• Task directions
Where the line containing "The fairy chimneys" appears in the entries below, begin there and output every line through the last, exactly, minus the pictures.

• Data excerpts
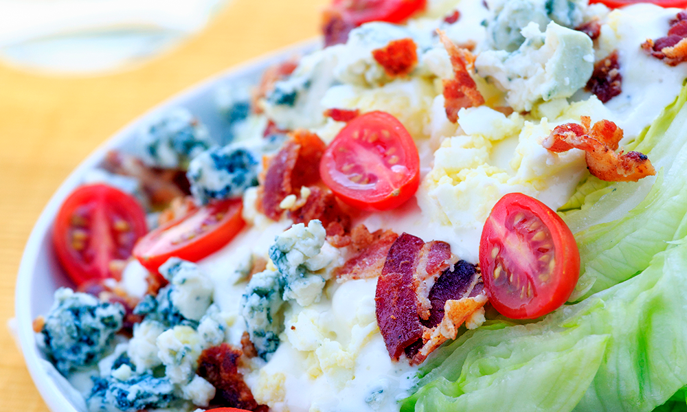 3. Top lettuce with bacon, chicken, blue cheese, grape tomatoes, and dressing.
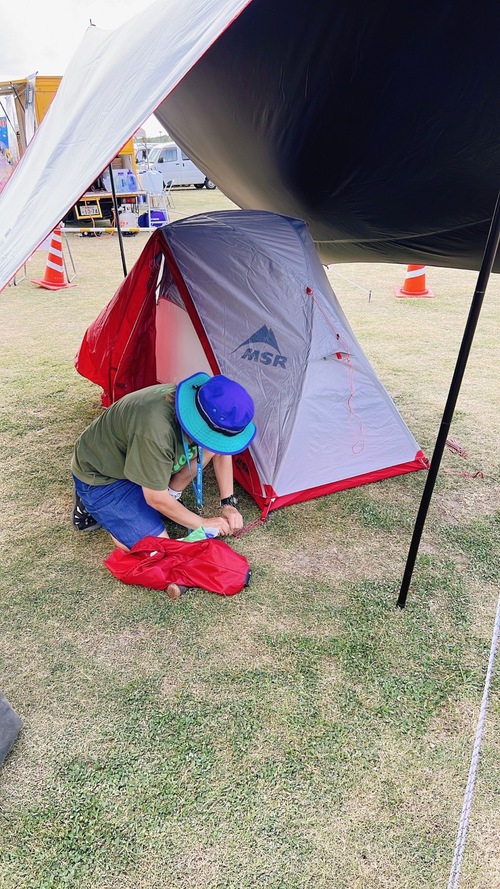車を持ち込めるオートサイトは即日予約が埋まりましたが、キャンプツアーでは通常サイトでも荷物はコンテナで運んで楽々♪
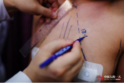 王新灿医生正在为李文进行术前划线。
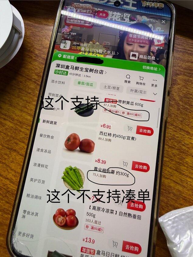 现在可以去抖音盒马直播间,点右上角「年货节消费券」,可以得到一个 150-20 的消费券。
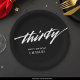 Prato De Papel Aniversário de 30 anos preto de script moderno
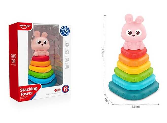 Ця яскрава пірамідка із кроликом одразу привертає увагу малюка й заохочує до гри. Дитина із задоволенням збирає кільця, вивчає кольори та знайомиться з формами у простому й зрозумілому ігровому форматі. Верхівка з милою фігуркою кролика робить пірамідку ще цікавішою. Під час складання малюк тренує дрібну моторику, координацію рухів і логічне мислення.
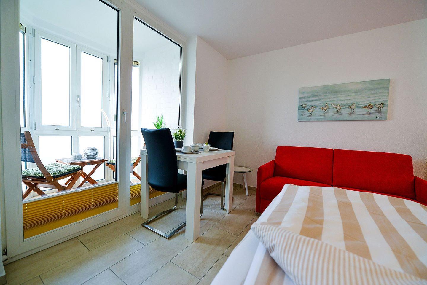 Möblierte 23?m²-Ferienwohnung im 2. OG an der Promenade mit direkter Seesicht und verglastem Westbalkon. Ideal für 2 Personen. Der Aufzug im Eingang 7a fährt bis ins 3. OG, die Wohnung erreicht man über den Außenbalkon und das Treppenhaus in Eingang 7 oder 7b. Moderne Ausstattung mit Küchenzeile, Geschirrspüler, Fußbodenheizung, WLAN, Parkplatz. Hunde erlaubt. Ruhige Lage nahe Strand und Wattenmeer.
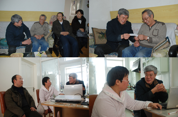 集团公司领导与学院领导一行先来到学院专家型老教师赵明辨家中。董国斌主席代表集团公司党委和工会关心和慰问赵老师身体情况和他们一家人情况,一边亲切的和他交谈,一边鼓励他继续发挥自己的余热,为学院教育事业多做贡献,一边把自己的名片递给他,一边诚恳的嘱咐赵老师有困难尽可直接找他,董主席还热情的邀请赵老师有时间到山西去做客。 赵明辨老师激动的说:“ 谢谢董主席、谢谢集团公司和学院领导对我的重视和关心,我们全家感到非常温暖,我会照顾好自己的身体,继续为学院的改革和发展献上自己的绵薄之力 。” 在身患重病的学院教师付慧家里,董国斌主席细心询问病情和恢复情况,看到付慧老师仍带病和爱人一起孜孜不倦的修改教案,董主席关心的说“你要好好照顾身体,学院教学质量的提高和保证还要靠你们,祝你早日健康,全家过一个快乐祥和的春节。”付慧老师表示今后要加倍努力工作以报答领导的关心。
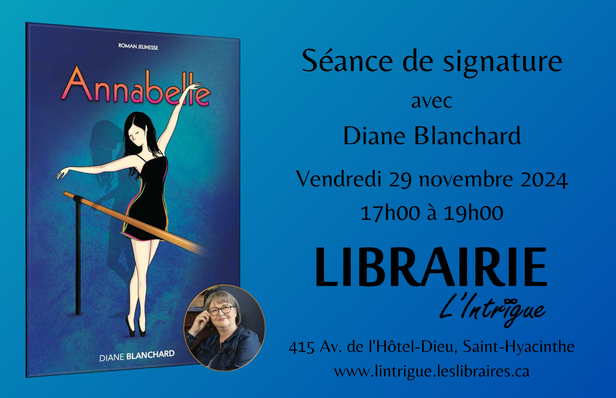 Le 29 novembre prochain, de 17h à 19h, nous recevrons l’auteure Diane Blanchard pour une séance de signature pour son premier roman jeunesse Annabelle.
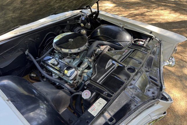 ENGINE COMPARTMENT: It has its original 421-338 motor with all stock manifolds, valve covers, air cleaner etc. It even has reproduction plug wires. It's very clean and orderly. The washers are hooked up, it has hood insulation and a battery disconnect. The metal surfaces are painted neatly. It runs smooth as can be.
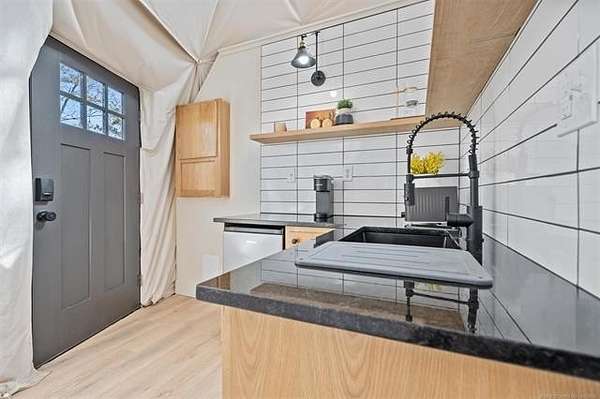 The fully furnished geodome averages approximately $1,800 per month on Airbnb and offers an established short-term rental history for any buyer seeking immediate income. The 30x40 shop includes living quarters and is equipped with septic and plumbing, making it ideal for guest space, a workshop, or on-site accommodations during future expansion.
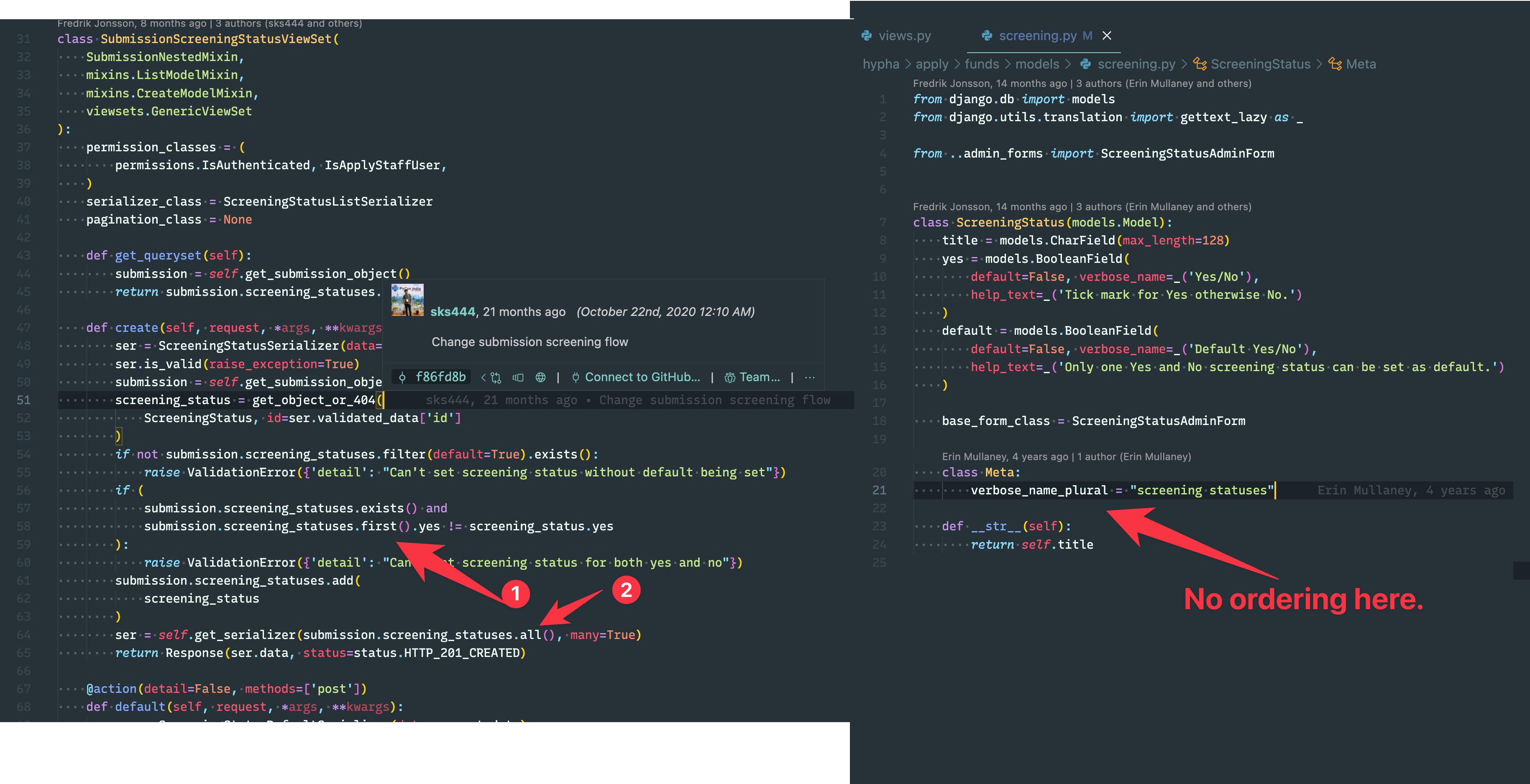 The test_add_screening_status is failing for me locally. The reason seems to be there is no pre-defined ordering on the tables, but you are expecting an I’m not sure how it’s passing in the circle CI, but it’s failing on my machine. @frjo @sandeepsajan0 |
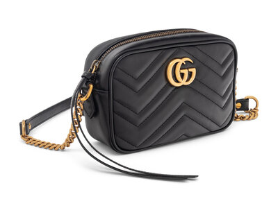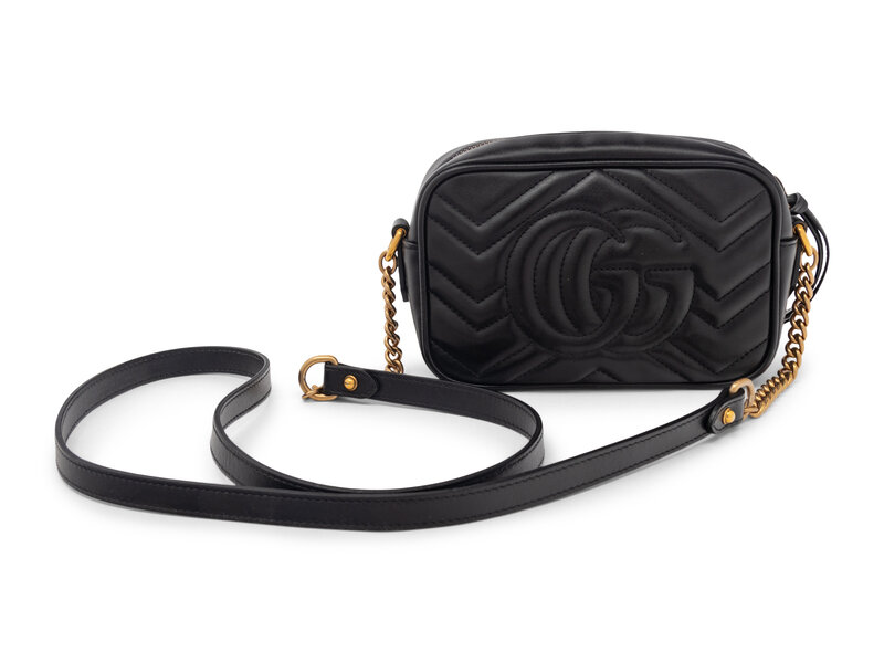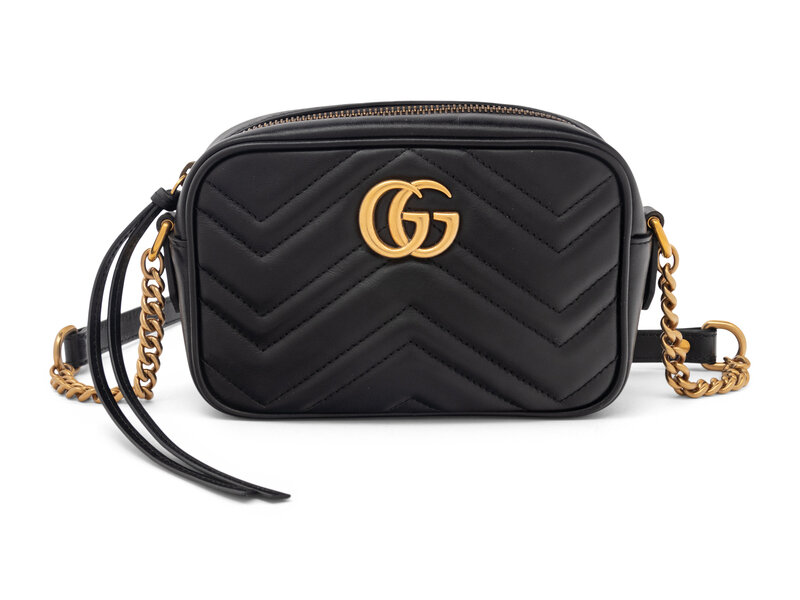 Mini GG Marmont Shoulder Bag in Black Quilted Leather with Aged Gold-Tone Hardware.
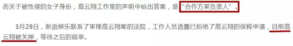 真的是一大早就好大一出戏啊,据说这个被侵犯的女性是合作方的某负责人,36岁左右,高云翔现在处于被关押状态。
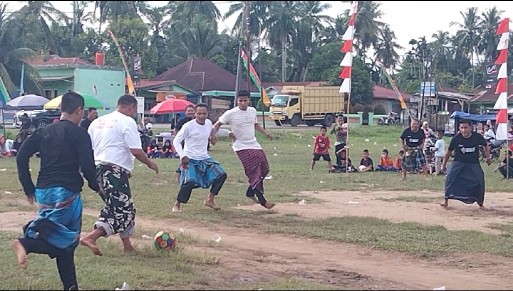 Keseruan Sepak Bola Sarung Warnai Lomba HUT Ke-80 RI di Kampung Baru
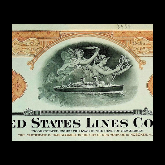 United States Lines (Maritime shipping) Company Stock Certificate from 1940s - Two colors
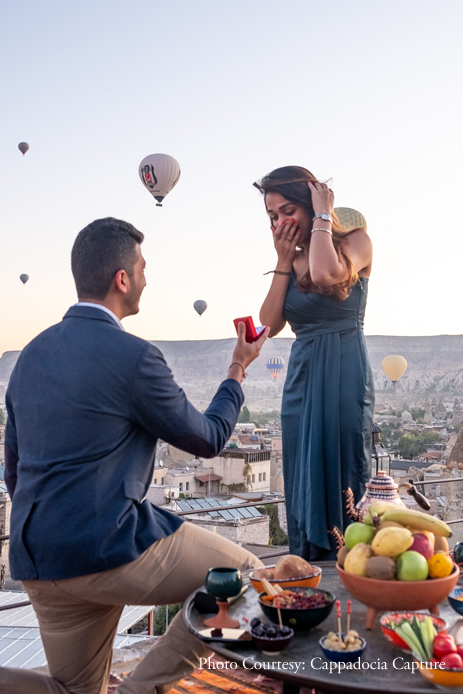 The fairy chimneys of Cappadocia in Turkey are known for their striking looks that also offer spellbinding views. These tall iconic rock formations house a number of inns and hotels which make for a unique experience. Sahil chose this enchanting region to propose marriage to Alifiya, here he tells us about their love story and how he went about planning the perfect proposal.
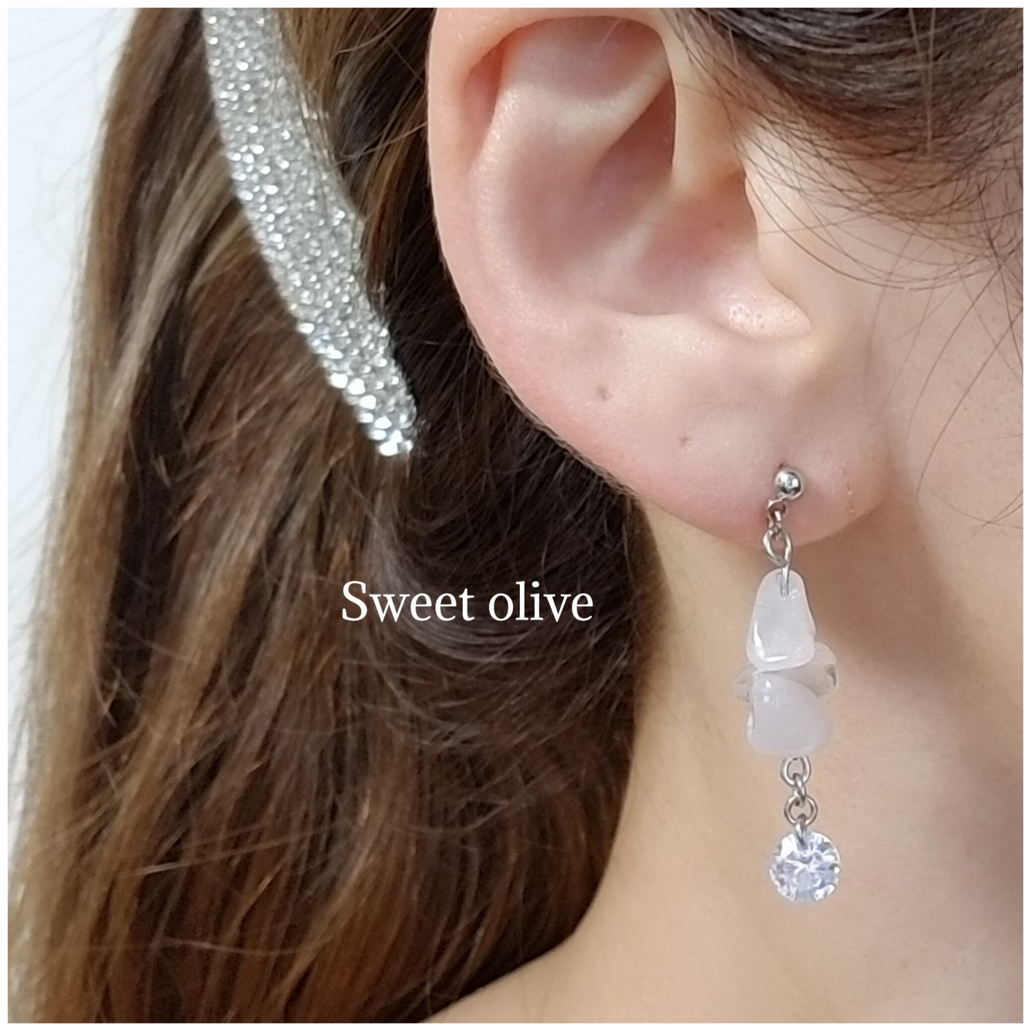 柔らかいピンクが優しく、同じ形の石がないのでだったひとつのピアスです☆
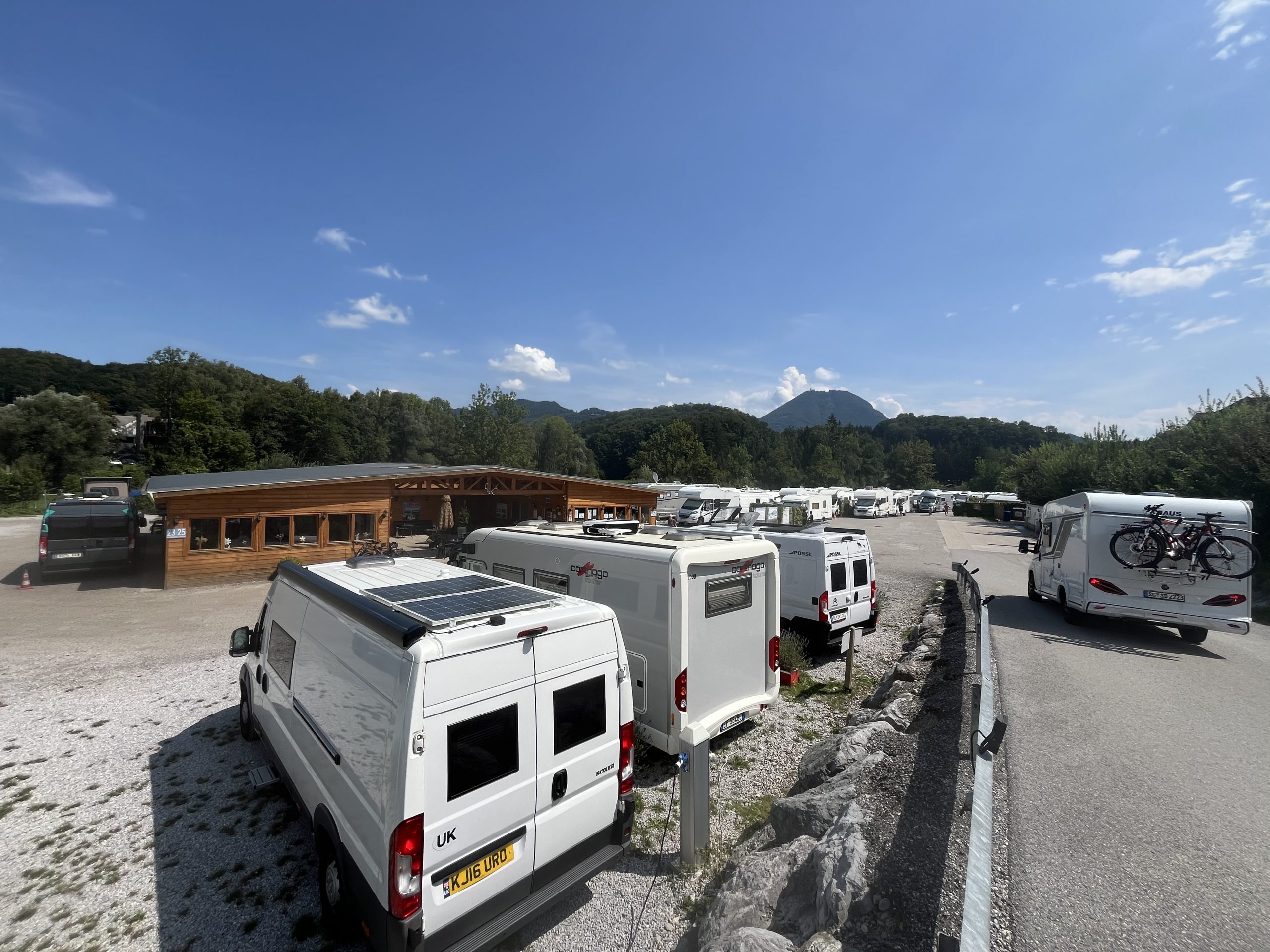 Auf der Homepage „Reisemobilstellplatz“ findet man nicht nur Salzburg, sondern hier findet man auch die Stellplätze Graz, Wien und Mureck. Der Empfang war trotz der hohen Auslastung überaus freundlich. Aufgrund unserer Anfrage und der frühen Anreise durften wir uns auch einen Stellplatz aussuchen. Die Parzellen sind zwar etwas eng, aber man findet auf der ebenen geschotterten Fläche ausreichend Platz. Auch die Servicestation (Chemie-WC und Grau- und Trinkwasser) ist so großzügig ausgelegt, dass mehrere Wohnmobile gleichzeitig diese nutzen können. Sanitäreinrichtungen sind ausreichend vorhanden und sauber. Die Modalitäten für die Abreise sind total unbürokratisch und fußen auf Vertrauen. Man(n) oder in unserem Fall, Frau, trägt auf dem Formular die tatsächliche Aufenthaltsdauer ein und legt das Geld (€ 33,50 all inklusive für eine Nacht und 2 Erwachsene) zusammen mit dem ausgefüllten Formular in die Klarsichtfolie und wirft diese in die „schwarze Box“ bei der Rezeption. „That´s it“.

• Exercise answer
 The fairy chimneys of Cappadocia in Turkey are known for their striking looks that also offer spellbinding views. These tall iconic rock formations house a number of inns and hotels which make for a unique experience. Sahil chose this enchanting region to propose marriage to Alifiya, here he tells us about their love story and how he went about planning the perfect proposal.
 柔らかいピンクが優しく、同じ形の石がないのでだったひとつのピアスです☆
 Auf der Homepage „Reisemobilstellplatz“ findet man nicht nur Salzburg, sondern hier findet man auch die Stellplätze Graz, Wien und Mureck. Der Empfang war trotz der hohen Auslastung überaus freundlich. Aufgrund unserer Anfrage und der frühen Anreise durften wir uns auch einen Stellplatz aussuchen. Die Parzellen sind zwar etwas eng, aber man findet auf der ebenen geschotterten Fläche ausreichend Platz. Auch die Servicestation (Chemie-WC und Grau- und Trinkwasser) ist so großzügig ausgelegt, dass mehrere Wohnmobile gleichzeitig diese nutzen können. Sanitäreinrichtungen sind ausreichend vorhanden und sauber. Die Modalitäten für die Abreise sind total unbürokratisch und fußen auf Vertrauen. Man(n) oder in unserem Fall, Frau, trägt auf dem Formular die tatsächliche Aufenthaltsdauer ein und legt das Geld (€ 33,50 all inklusive für eine Nacht und 2 Erwachsene) zusammen mit dem ausgefüllten Formular in die Klarsichtfolie und wirft diese in die „schwarze Box“ bei der Rezeption. „That´s it“.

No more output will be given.